然れども、彼の生き方はどう見ても菩薩である。
金の亡者の振りをしてるが、多額の報奨金で贅沢三昧をするわけでもなく、女を囲うわけでもない。飲み屋をやってる金のないものには、タダで一か月飲ませろと云ったり、恩人を救うため億を注ぎ込み新薬を開発したり、老人ホームを救済したりもする。医者になるべきではない、本当の金の亡者はごまんといるのだが。

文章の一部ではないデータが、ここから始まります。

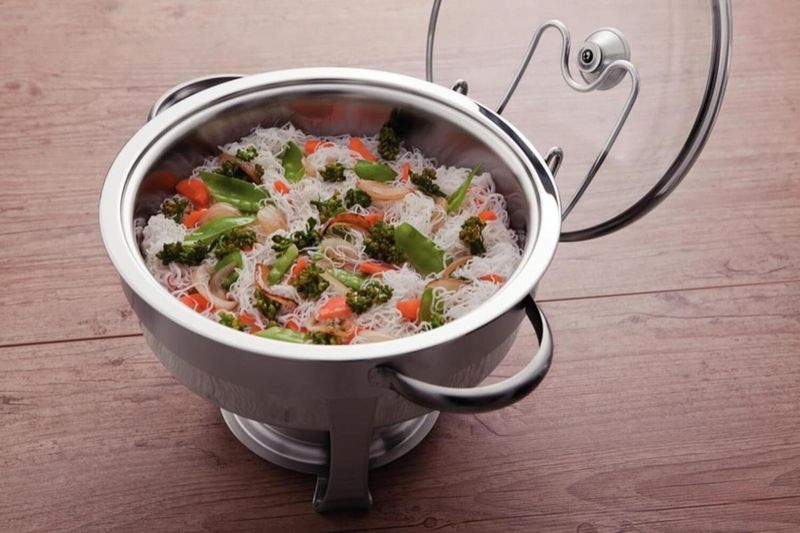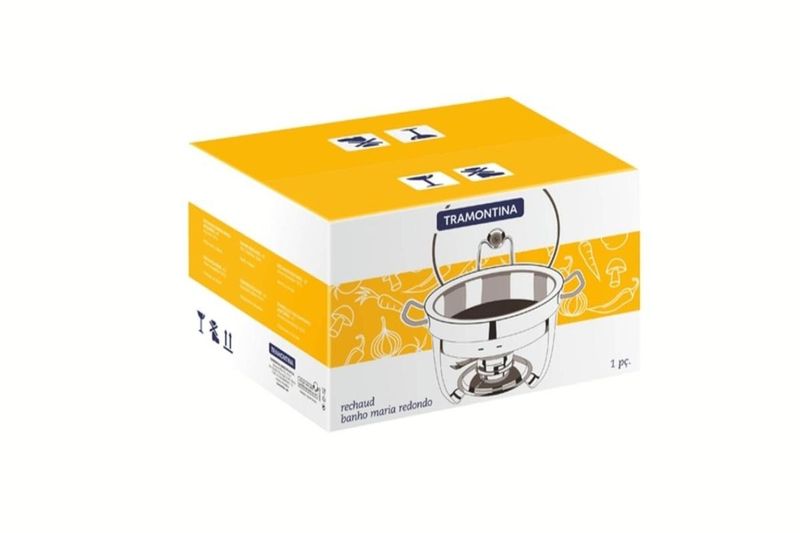 Para o seu evento ter uma apresentação sofisticada a escolha certa é o o Rechaud Tramontina Redondo em Aço Inox Banho Maria com Suporte para Tampa e Fogareiro 4,3 L. Ele irá proporcionar ao seu buffet um aspecto de requinte e beleza, deixando os seus convidados com água na boca ao servir suas receitas. O produto é altamente durável e higiênico, possui tampa de vidro, permitindo visualizar os alimentos.Recomendações de Uso:- Para eliminar o risco de asfixia em crianças pequenas, remova e descarte com segurança todas as embalagens plásticas do produto.

コミックは世界に翻訳され、世界人口の60人に一人が手にしている医療漫画の金字塔である。世界中の名医から見放された患者たちの、最後の命の切り札。それが、ブラックジャックである。、、今書いて思ったが、それじゃまるで医療界の聖天様ではあるまいか。むむむ、そう考えると更なる納得がゆく。彼の要求する高額報酬は、聖天様に捧げる天爵と同じではないか、、、。この話しは別の稿にて。

『ブッダ』と連載時期を共にした、『ブラックジャック』に手塚治虫師が仏教色を意図的に散りばめたかどうかは知り由もないが、同時期に自ら代表を務めていた、虫プロ商事・虫プロダクションの倒産・多額の負債を抱えたこと、作家としても低迷を続け自ら"冬の時代"と回想した心境の中で作り上げた作品に、自然と権現した結果なのかも知れない。

あと二週間ほどで46歳になる、私が子供の頃の世代漫画はこういった漫画と云えども素晴らしい作品が多い。昨年あたりから、伊達直人と云った俗名で寄付をする人が増えて話題となったが、あれもタイガーマスクと云う漫画の主人公だ。

彼も亦、菩薩道を歩む仏である。
虎の穴と云う悪役レスラーを育成する厳しい掟の組織の出身ながら、応援してくれる孤児院の子供たちのため、裏切りの烙印を押されながらも反則技を使わず、続々と送り込まれる刺客と血みどろの試合を繰り返し、その度に傷付きながらもファイトマネーを名を伏せて孤児院へ届け続ける。最終回(アニメ)は涙なしには観られない名作である。どちらも知らない方は是非、折があれば二作品に触れてほしいと思う。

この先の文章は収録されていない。